**What is being asked**
The data below should be restated word for word, with every picture omitted.

**Given material**
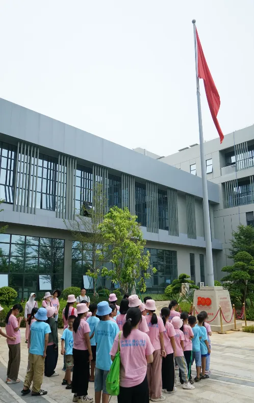 紧接着,孩子们来到了建党百年庆典红旗——070号红旗前。讲解员讲述了皇冠体育药业集团与庆典红旗的深厚渊源。孩子们听得津津有味,眼中闪烁着对党和国家的热爱与敬仰。
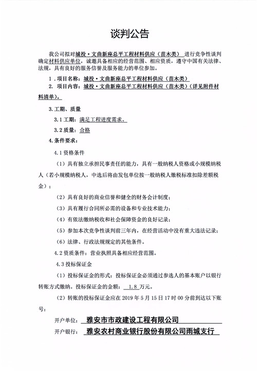 城投·文曲新座總平工程材料供應(yīng)(苗木類(lèi))競(jìng)爭(zhēng)性談判公告
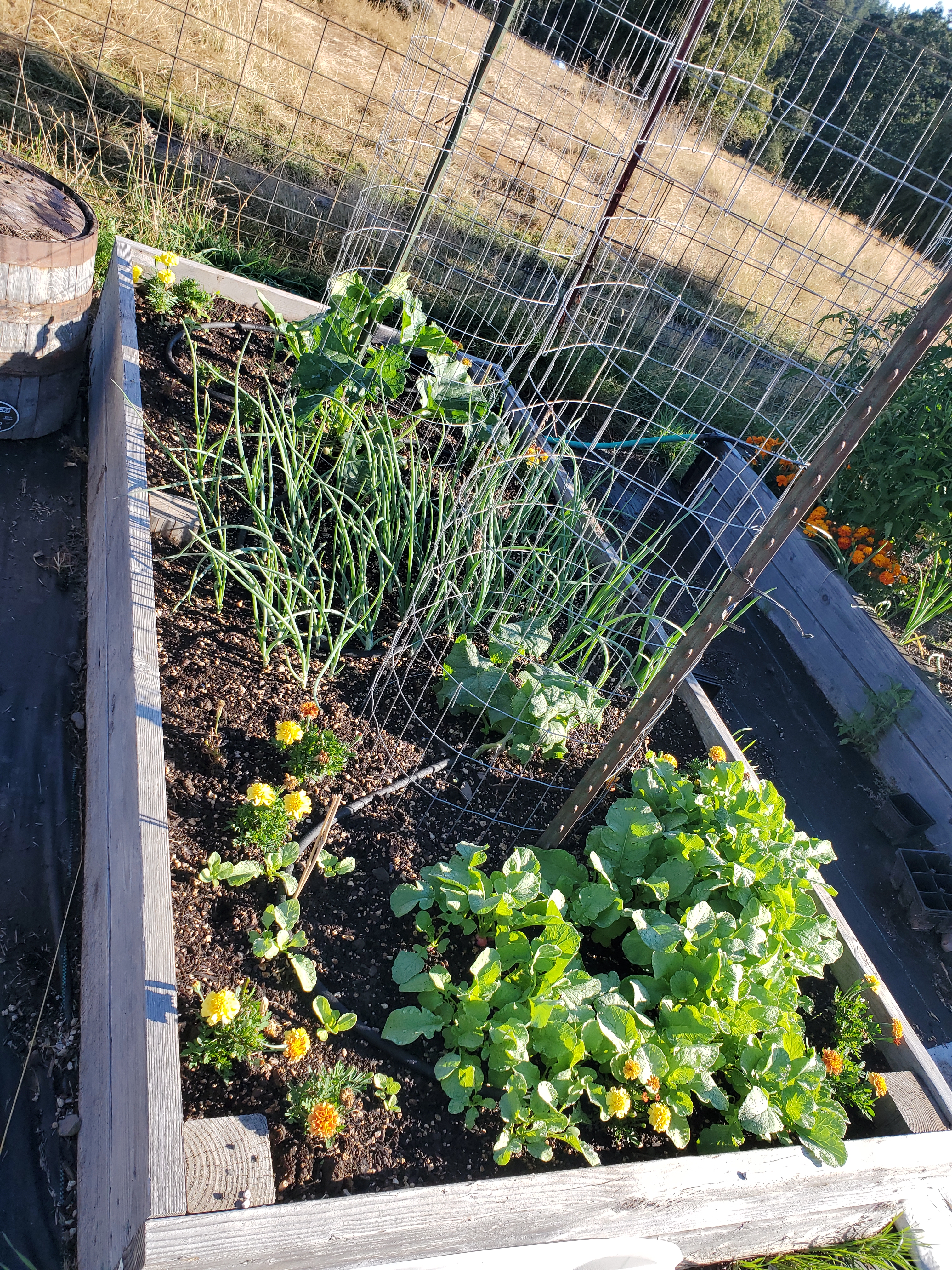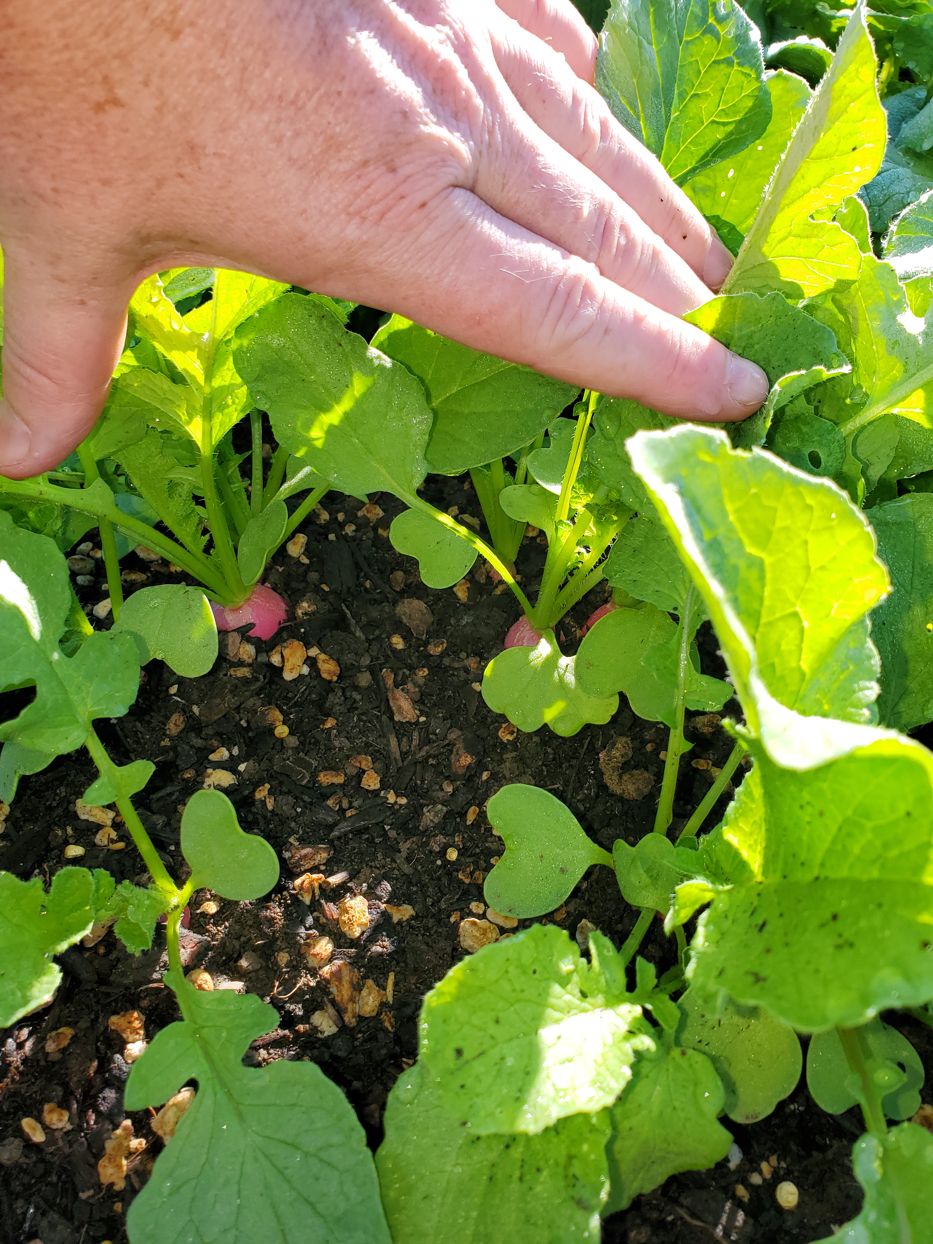 Morganna was noticing the Radishes are almost ready to harvest. I’d like to wait a few more days though as they’re pretty small. Also have a Zucchini about ready to harvest!
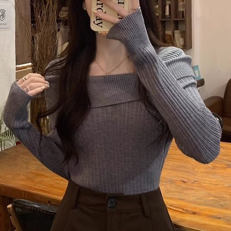 Women's Sweater Pullover Streetwear Casual Solid Color Off Shoulder Knitted Long Sleeve Regular Tops Knit Outdoor Holiday Going out Black White Fall Winter 15

**Response to the exercise**
 紧接着,孩子们来到了建党百年庆典红旗——070号红旗前。讲解员讲述了皇冠体育药业集团与庆典红旗的深厚渊源。孩子们听得津津有味,眼中闪烁着对党和国家的热爱与敬仰。
 城投·文曲新座總平工程材料供應(yīng)(苗木類(lèi))競(jìng)爭(zhēng)性談判公告
 Morganna was noticing the Radishes are almost ready to harvest. I’d like to wait a few more days though as they’re pretty small. Also have a Zucchini about ready to harvest!
 Women's Sweater Pullover Streetwear Casual Solid Color Off Shoulder Knitted Long Sleeve Regular Tops Knit Outdoor Holiday Going out Black White Fall Winter 15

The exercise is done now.